V= ${a^3}$ …………………………………………..equation 4
We know that,
Density of unit cell = $\dfrac{{mass{\text{ }}of{\text{ }}unit{\text{ }}cell}}{{volume{\text{ }}of{\text{ }}unit{\text{ }}cell}}$ $\dfrac{{mass{\text{ }}of{\text{ }}unit{\text{ }}cell}}{{volume{\text{ }}of{\text{ }}unit{\text{ }}cell}}$ ………………equation 5
On substituting equation 2 and 4 in equation 5 , we arrived at equation 1. This is very important to remember.
According to the question first let’s note down the given values
Given: since it is mentioned it is FCC which is face centered cubic unit cell. One fcc unit cell consists of four atoms therefore, Z= 4.

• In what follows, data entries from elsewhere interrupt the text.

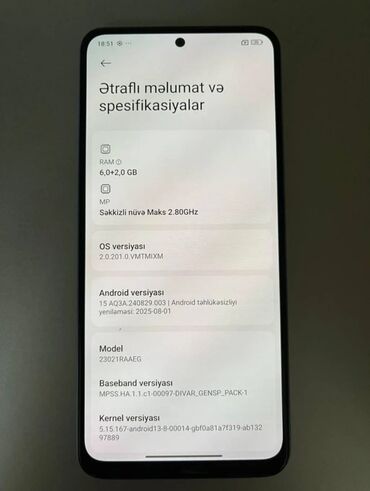 Smartfon – böyük ekranlı, mərkəzdə dairəvi ön kamera dəliyi olan model. Xüsusiyyətlər: - Tam ekranlı, nazik çərçivəli displey; ekranın yuxarı mərkəzində “punch‑hole” ön kamera. - Android sistemli ...
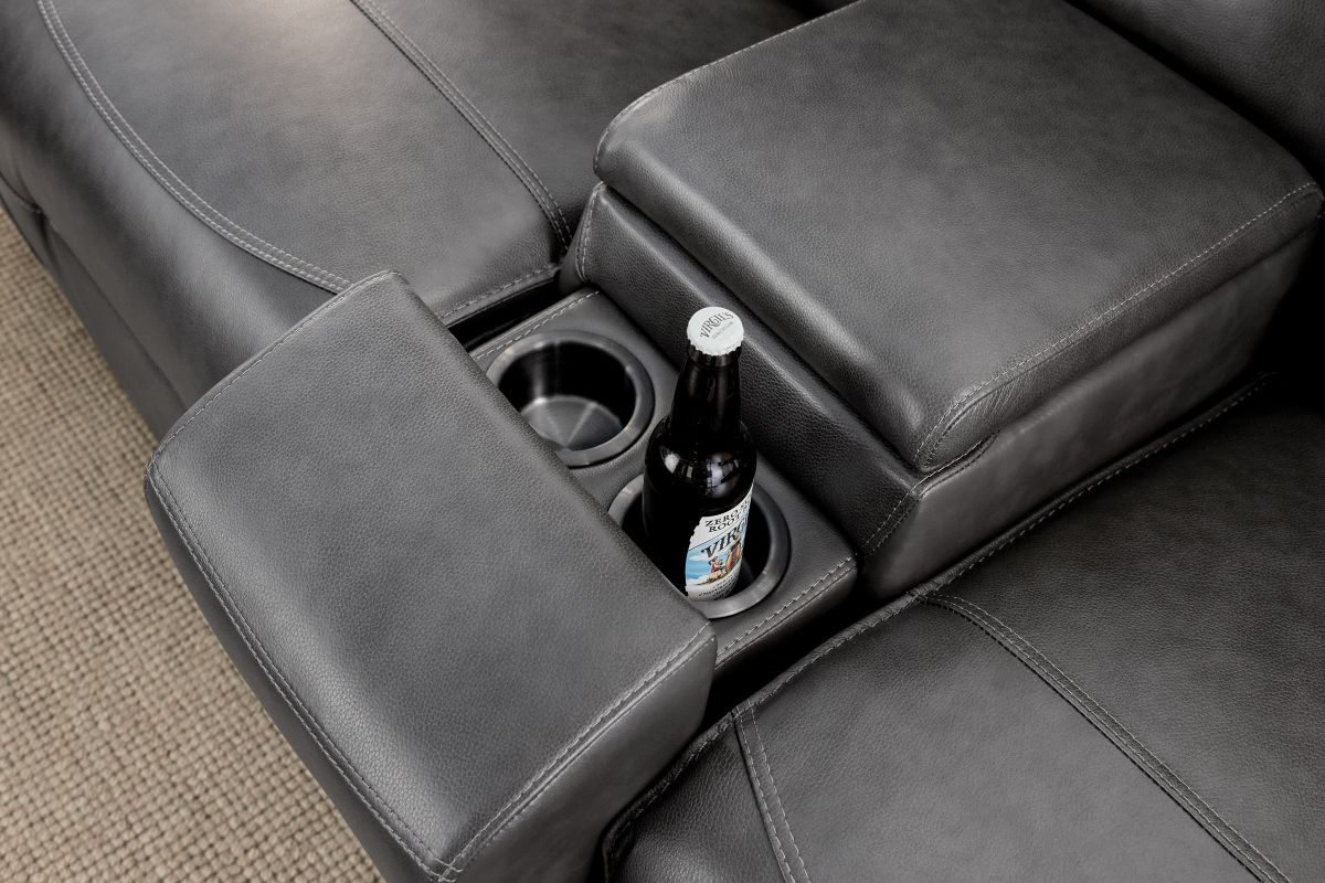 Introducing the Cade collection, crafted for ultimate comfort and convenience. Upholstered in top grain leather everywhere the body touches, this collection offers premium softness and durability. Available in grey or brown, this versatile collection adds modern sophistication to any living room. Each piece is equipped with dual power reclining, allowing you to easily adjust both the headrest and footrest for personalized relaxation. The loveseat features hidden pull-out cup holders and a storage console, keeping your essentials neatly tucked away. For added convenience, all reclining pieces include USB and USB-C outlets, making it easy to charge your devices while you unwind. With its sleek design, high-quality leather, and advanced functionality, the Cade is perfect for those seeking both style and comfort in their living space.
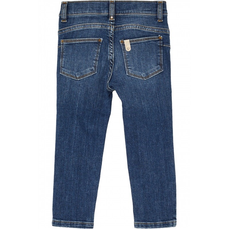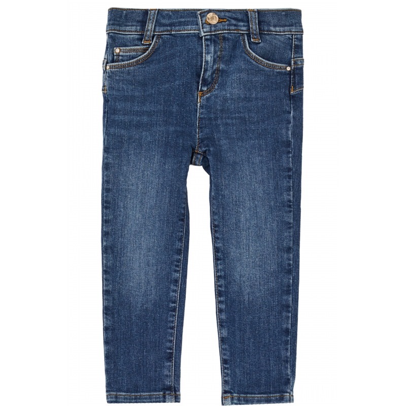 Jeans in denim di cotone stretch, vita regolare, logo ricamato sul retro, modello cinque tasche, chiusura con bottone e zip nascosta
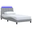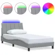 S tem posteljnim okvirjem z vzglavnikom si zagotovite mirnejši spanec! Trpežno blago: Blago zagotavlja preprost in čist videz, poleg tega pa je zračno in trpežno.Podporne noge: Postelja je podprta s čvrstimi nogami, ki zagotavljajo njeno stabilnost, varnost in trdnost.Letvice iz vezanega lesa: Letvice iz vezanega lesa omogočajo dobro porazdelitev teže in zagotavljajo, da vzmetnica ostane na mestu ob vsakem zasuku in obračanju med spanjem.Odlična podpora: Vzglavna stranica je napolnjena s PP vlakni za izjemno mehkobo in optimalno udobje ter zagotavlja odlično podporo hrbtu, ko sedite v postelji in berete ali gledate televizijo.LED osvetlitev za prijeten ambient: To posteljo odlikuje LED osvetlitev, ki jo je mogoče preprosto nastaviti in tako ustvariti posebno svetlobno predstavo. Prilagodite lahko načine, barve in svetlost ter tako izboljšate vzdušje v notranjem prostoru. Dobro je vedeti:Vzmetnica ni priložena tej postelji. Ponujamo različno izbiro ležišč. V naši trgovini si lahko ogledate ustrezne vzmetnice.Izdelek ima priključek USB, ki zahteva certificiran vir napajanja 5 V USB (ni priložen).Režete lahko samo del s simbolom škarij in samo del z USB bo deloval kot prej.Posteljni okvir:Barva: Svetlo sivaMaterial: Tkanina (100 % poliester), kovina, vezan les, inženirski lesCelotne dimenzije: 218 x 105 x 74,5 cm (D x Š x V)Velikost primerne vzmetnice: 100 x 200 cm (Š x D) (vzmetnica ni priložena)Potrebno sestavljanje: DaOblazinjeno vzglavje:Barva: Svetlo sivaMaterial: Blago (100 % poliester)Material polnila: PP vlaknaDimenzije: 100 x 3 x 45 cm (D x Š x V)LED trak s silikonsko cevjo in pipo:Dolžina: 55 cmNapetost: DC 5 VDolžina kabla USB : 150 cmDolžina električnega kabla: 30 cmIP ocena: IP65S simbolom za rezanje s škarjamiPaket vsebuje:1 x Posteljni okvir1 x Oblazinjeno vzglavje1 x LED trak 3310440
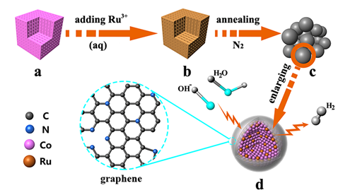 RuCo@NC纳米粒子的合成路径和结构模型示意图。(a) Co3[Co(CN)6]2,(b) Ru掺杂的Co3[Co(CN)6]2,(c) RuCo@NC纳米粒子的聚集体示意图,(d)c中一个RuCo@NC纳米粒子放大的模型示意图,并简单描述了作为电催化剂在碱性介质中的析氢过程。
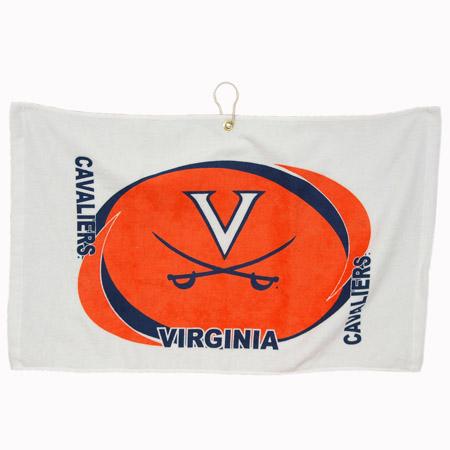 Standard weight 16" x 26" Virginia Cavaliers logo printed golf towel, made of durable 100% cotton. Features a center placement brass grommet and hook that allows for easy access and keeps towel off the ground. Printed with the Virginia Cavaliers trademark.
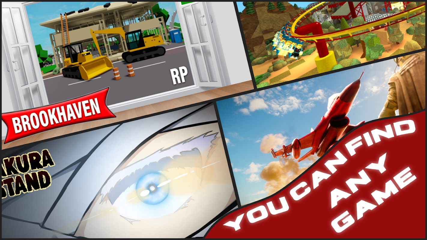 রোব্লক্সের জন্য গেম এবং মানচিত্র, যেখানে আপনি একা বা বন্ধুদের সাথে একসাথে দুর্দান্ত বিশ্রাম নিতে পারেন। অ্যাপ্লিকেশনটিতে আপনি রোবলক্সের জন্য প্রচুর দুর্দান্ত গেম এবং মানচিত্র পাবেন
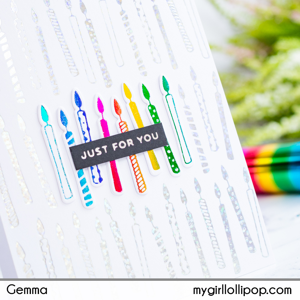 I foiled a sentiment from Yana’s Tiny Sentiments Glimmer set, on black card with silver foil. I trimmed it down and adhered over the rainbow candles to finish.
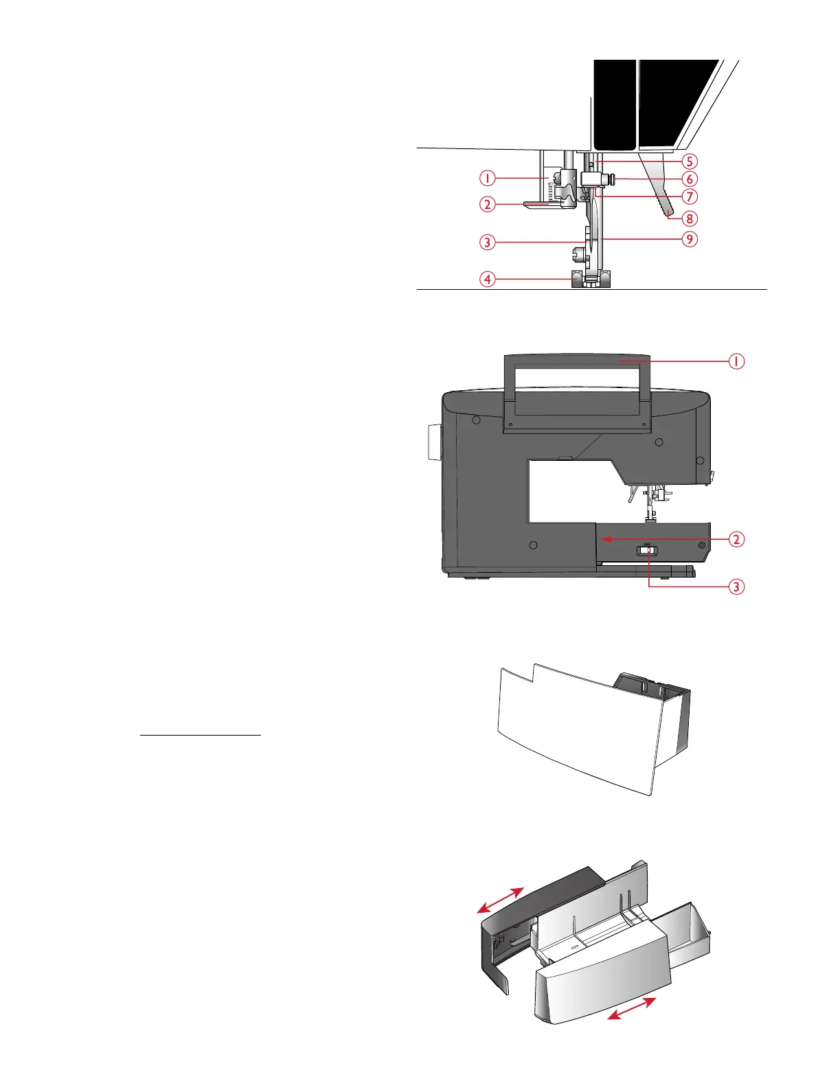 In de opbergdoos kunnen het voetpedaal, het snoer en alle
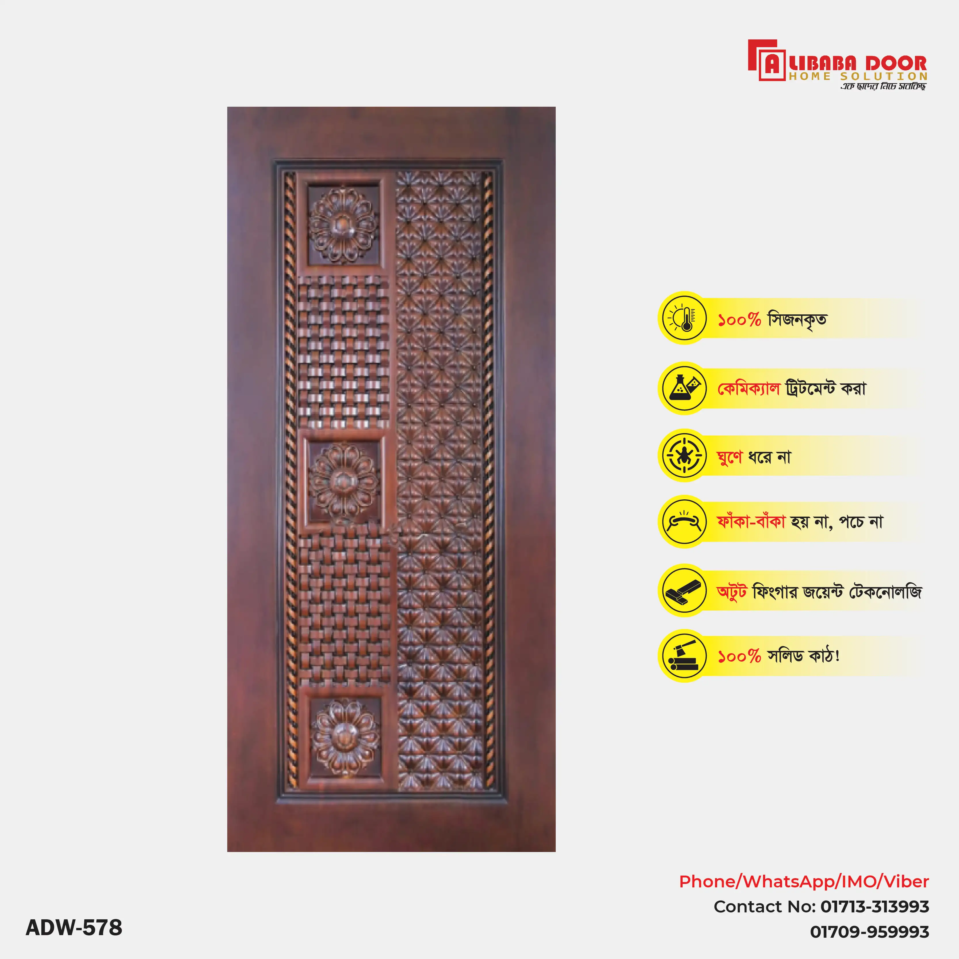 Premium Luxury Wooden Door ADW 578 | Burma Teak, Chittagong Teak & Mahogany

a = 200pm = $2 \times {10^{ - 8}}$ cm
By using equation 3 , we have to find the molar mass
$\Rightarrow M = \dfrac{{300}}{{24 \times {{10}^{23}}}} \times 6.022 \times {10^{23}}$
$= 75.275$ g/mol
We know that, ${N_A}$ = $6.022 \times {10^{23}}$
Substituting the value of Z, M, ${N_A}$ and a in equation 1
$\Rightarrow d = \dfrac{{zM}}{{{a^3}{N_A}}}$
$\Rightarrow d = \dfrac{{4 \times 75.275}}{{{{(2 \times {{10}^{ - 8}})}^3} \times 6.022 \times {{10}^{23}}}}$
$\Rightarrow d = 62.5g/c{m^3}$

Thus, the density of the unit cell is $62.5g/c{m^3}$

Note: Always remember the unit of all the quantities:
d = $g/c{m^3}$
M = g/mol
${a^3}$ = $c{m^3}$
The value of a mostly will be given in terms of pm (Picometer) , so we have to make sure we first convert it to centimeter and proceed with the calculation.